Chapters 19-23 Analysis

The theme of corporate greed and exploitation continues with Michelle—who represents the inhumanity and selfishness of privatized health care corporations. While visiting ILLC, she is bored and has a careless attitude towards the patients and employees. When Joanne asks Michelle if her company will do more than just calculate the costs of the patients and if there is a plan to track the health and outcomes of patients as well, Michelle responds by saying: “‘Patient outcomes?’ I have no idea what she’s talking about” (117). Her obliviousness highlights her own self interests.
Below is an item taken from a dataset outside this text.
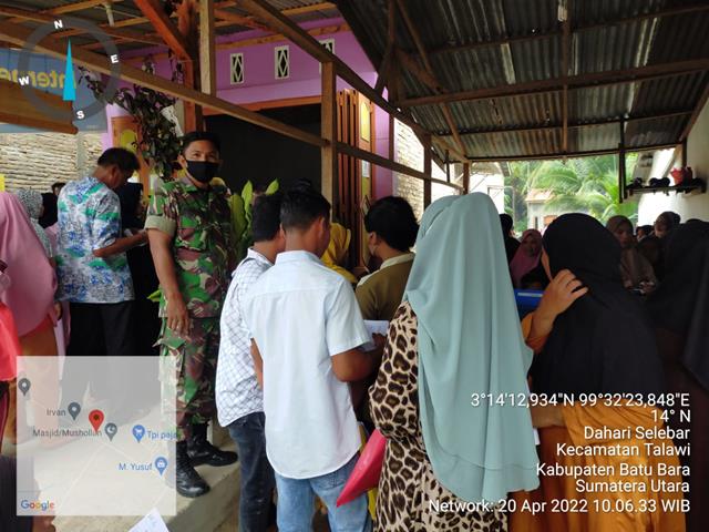 Batu Bara  |  Dalam rangka untuk menciptakan dan meningkatkan kerja sama yang baik, dan menjaga silatuhrahmi antara Babinsa dan aparatur desa dan Masyarakat serta kemanunggalan TNI dan Rakyat. Kegiatan sekecil apa pun di wilayah teritorial Kodim 0208/Asahan, Babinsa selalu hadir mendampingi, hal ini untuk selalu memberikan rasa aman dan nyaman kepada warga masyarakat binaan, dalamhal ini seperti yang dilakukan oleh Personel Bintara Pembina Desa (Babinsa) Koramil 04/Talawi jajaran Kodim 0208/Asahan Serma Indra K dan Serda Dhani M turun kewilayah desa binaan untuk melaksanakan kegiatan pendampingan dan monitoring dalam kegiatan penyaluran Bantuan Langsung Tunai Minyak Goreng dalam rangka pembagian BLT minyak goreng Desa Dahari selebar 459 KK, kegiatan tersebut yang dilaksanakan bertempat di Desa Dahari Selebar Kecamatan Talawi Kabupaten Batu Bara, Rabu (20/04/2022).

Michelle’s character possesses an immaturity and lack of awareness that reflects a deep flaw in her character’s morality.
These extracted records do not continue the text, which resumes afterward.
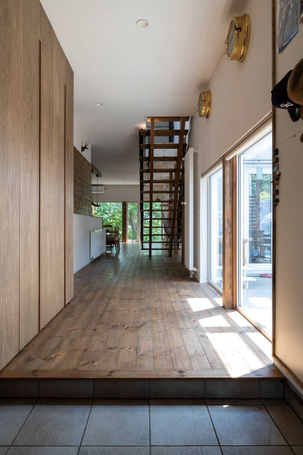 最小限の照明の中に船乗りだった義理の父から受け継いだ船舶照明を、玄関からLDKに行く通路に取り付けました。
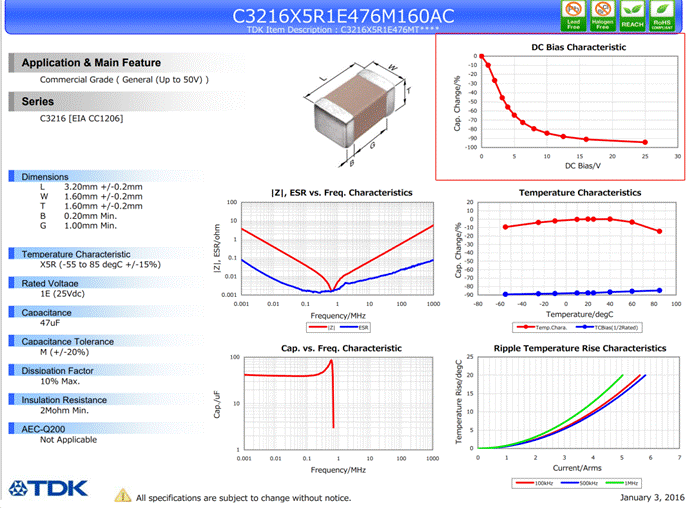 靜態(tài)容量隨其直流偏置工作電壓的增大而減少,最大甚至?xí)陆?0%。比如一個X5R 47UF 25V的電容,在25V的直流電壓下,其容量可能只有4.7uF,下圖附錄TDK 一個X5R電容的規(guī)格書 關(guān)于容量與電壓的關(guān)系圖,(其實(shí)仔細(xì)看下圖的的話,你會發(fā)現(xiàn)電容容量溫度跟容量也有關(guān)系)
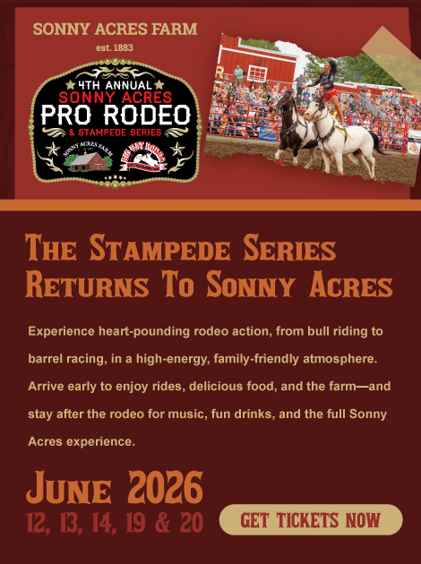 Experience heart-pounding rodeo action, from bull riding to barrel racing, in a high-energy, family-friendly atmosphere. Arrive early to enjoy rides, delicious food, and the farm—and stay after the rodeo for music, fun drinks, and the full Sonny Acres experience.

The book further reveals the toxic treatment of the patients in Joanne’s chapter when she shares details about Pierre. His life has been unforgiving, and he has been diagnosed by multiple disorders that have labeled him as an outsider in society. Joanne wants to learn more about his symptoms, so she searches on Google, noting that she didn’t find descriptions of her own disability accurate: “Some of the technical descriptions were totally creepy and they had no relationship to my real life. I think doctors use the worst-case scenarios in order to be published.” (129) This moment shows how the social stigma and misunderstanding of doctors and health systems can ruin a person’s sense of self. Joanne’s interest in the patients opposes Michelle’s disinterest, making the characters foils.
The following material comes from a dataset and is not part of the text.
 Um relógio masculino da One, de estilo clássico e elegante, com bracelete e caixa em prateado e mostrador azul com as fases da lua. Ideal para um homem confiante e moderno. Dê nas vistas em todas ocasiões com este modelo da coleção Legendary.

Meanwhile, the effects and consequences of the corporation’s inability to care for their patients leads to serious, traumatic results for the young disabled population, most exemplified by Mia’s sexual abuse. While the corporate bosses are deciding how they can save money and cut costs, they are overlooking the actual care of the patients, and Mia is at the mercy of Jerry, an abusive employee who continues to exploit her sexually. Mia’s unfortunate experience represents how society’s most vulnerable groups of people—poor, disabled, young women of color—are victims of a broken system. Jerry’s predatory acts go unnoticed in the face of Michelle’s visit, and his insidious behavior underscores how the health care system is not only ineffective, but sometimes detrimental, to the wellbeing of the patients.

Yessenia’s conflict isn’t as clear as Mia’s, though she still struggles with her identity, self-confidence, and ability to interact with others. Her therapy sessions reveal that she is still isolated without her Tía Nene, but also that she has low-self-esteem: “Even Tía Nene who loved me with all her might thought deep, deep down that poor Yessie wouldn’t never be able to do a damn thing for herself” (123). It’s not only the private corporations that doubt and mislabel the disabled youth, but families as well.